In [1]:
import numpy as np
from sklearn.neighbors import BallTree

from rangesearch_box import rangesearch_box

# Initialization

In [2]:
ndim = 5
rad = .2
box = [(-rad, rad)] * ndim

In [3]:
X = np.random.rand(500, ndim)
X[:5]

array([[ 0.66120795,  0.16419294,  0.30479838,  0.05863241,  0.80880002],
       [ 0.60626541,  0.0991643 ,  0.46577911,  0.61364594,  0.982528  ],
       [ 0.98692162,  0.8922461 ,  0.00218318,  0.29426143,  0.69431703],
       [ 0.54370348,  0.35400763,  0.00119577,  0.25608221,  0.18517756],
       [ 0.19516881,  0.10861635,  0.06603759,  0.39365626,  0.62877324]])

# Compare results

In order to compare the results of the range query, we create here corresponding metric for ball tree.<br>
We can note that we loose the radius property of it.

In [4]:
def box_metric(box):
    def _box_metric(a, b):
        return any([not(box_d_min < b_d - a_d < box_d_max) for a_d, b_d, (box_d_min, box_d_max) in zip(a, b, box)])
    return _box_metric

In [5]:
bt = BallTree(X, metric=box_metric(box))
bt.query_radius(X[(2, 3), :], 0.)

array([array([ 2, 28]), array([368,   3])], dtype=object)

In [6]:
search = rangesearch_box(X)
search(X[(2, 3), :], box)

array([[  2,  28],
       [  3, 368]])

# Compare perf

## Few points

In [7]:
%timeit search(X[(2, 6, 10), :], box)
%timeit bt.query_radius(X[(2, 6, 10), :], 0.)

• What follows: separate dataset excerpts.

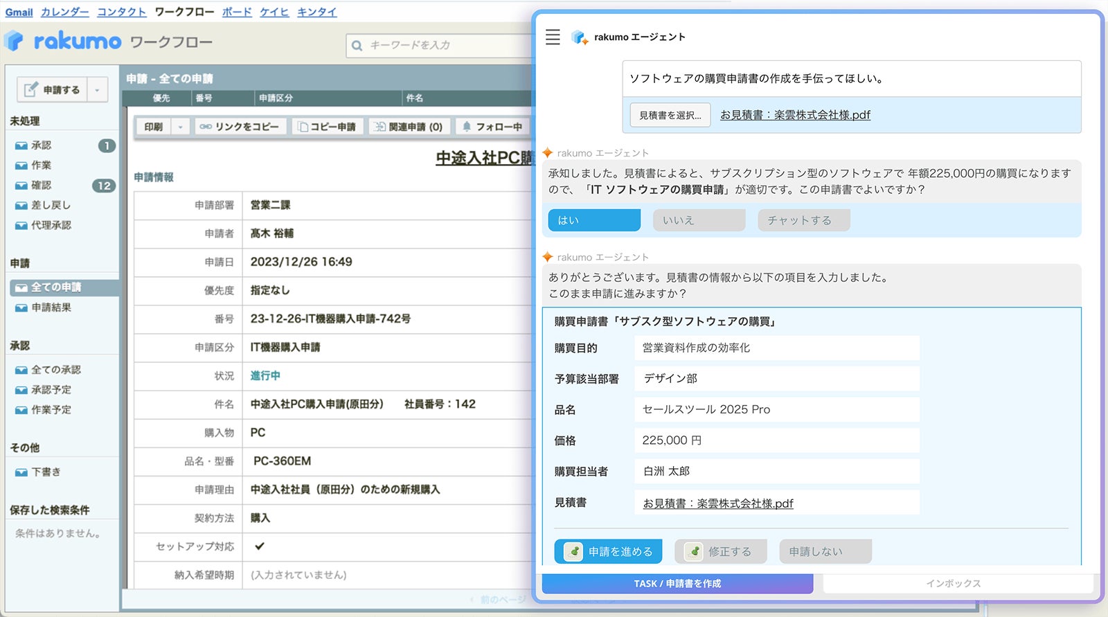 rakumo エージェントに見積書などのファイルを提示すると、内容を自動で分析します。その後、適切な申請書を提示するとともに、見積書に記載された情報の自動入力も行い、申請プロセスをさらに効率化します。
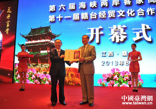 第六屆海峽兩岸客家高峰論壇和第十一屆贛臺(tái)經(jīng)貿(mào)文化合作交流大會(huì)現(xiàn)場(chǎng)。(圖片來(lái)源:江西省臺(tái)辦)
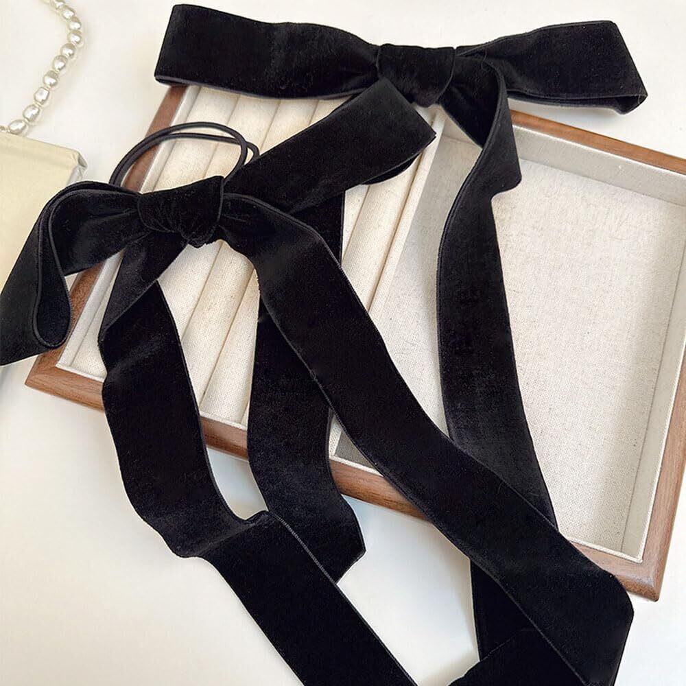 YINKE ベロア リボン ベロアリボン 黒 生地 ヘアアクセサリ 髪飾り おしゃれ 髪に優しい シンプル 静電気防止 上品 大人可愛い
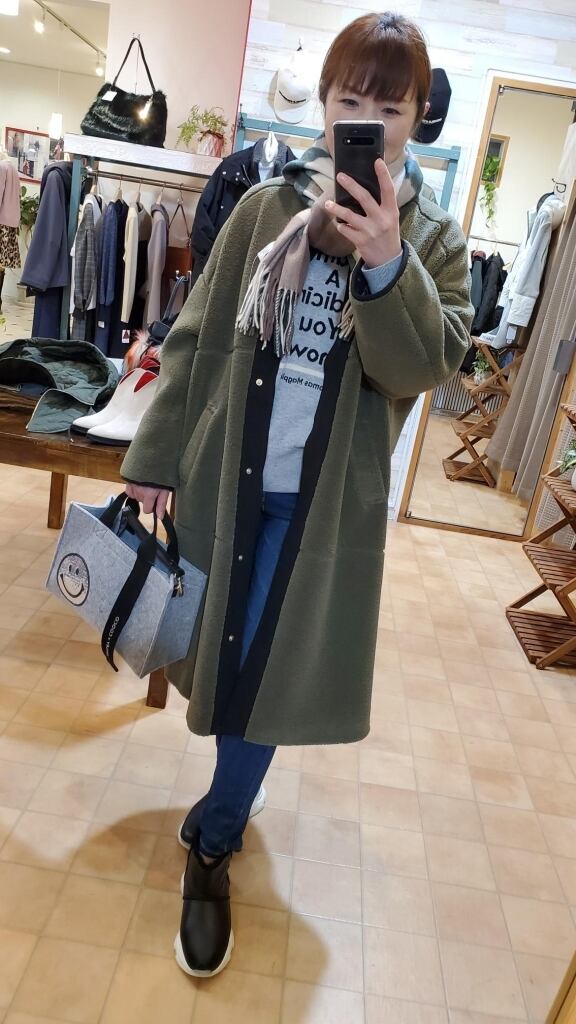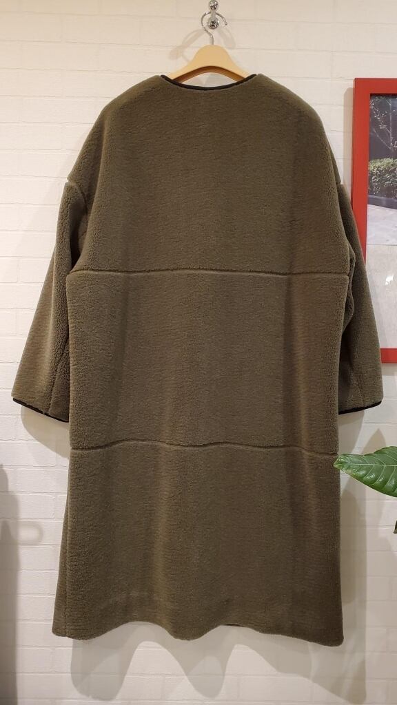 リラックス感のあるオーバーサイズにセンターラインの効いた、大人カジュアルな印象のロング丈ボアコート。

1000 loops, best of 3: 312 µs per loop
100 loops, best of 3: 7.84 ms per loop


## More points

In [8]:
y = np.random.rand(500, ndim)

%timeit search(y, box)
%timeit bt.query_radius(y, 0.)

10 loops, best of 3: 36.9 ms per loop
1 loop, best of 3: 1.27 s per loop


# Conclusion

Despite of the Cython part in the implementation of balltree, <br>
the rangesearch-box algorithm (based of python + numpy) seems to be faster.

However, it is important to note, there is a tradeoff since we are limited in the box shape we can define.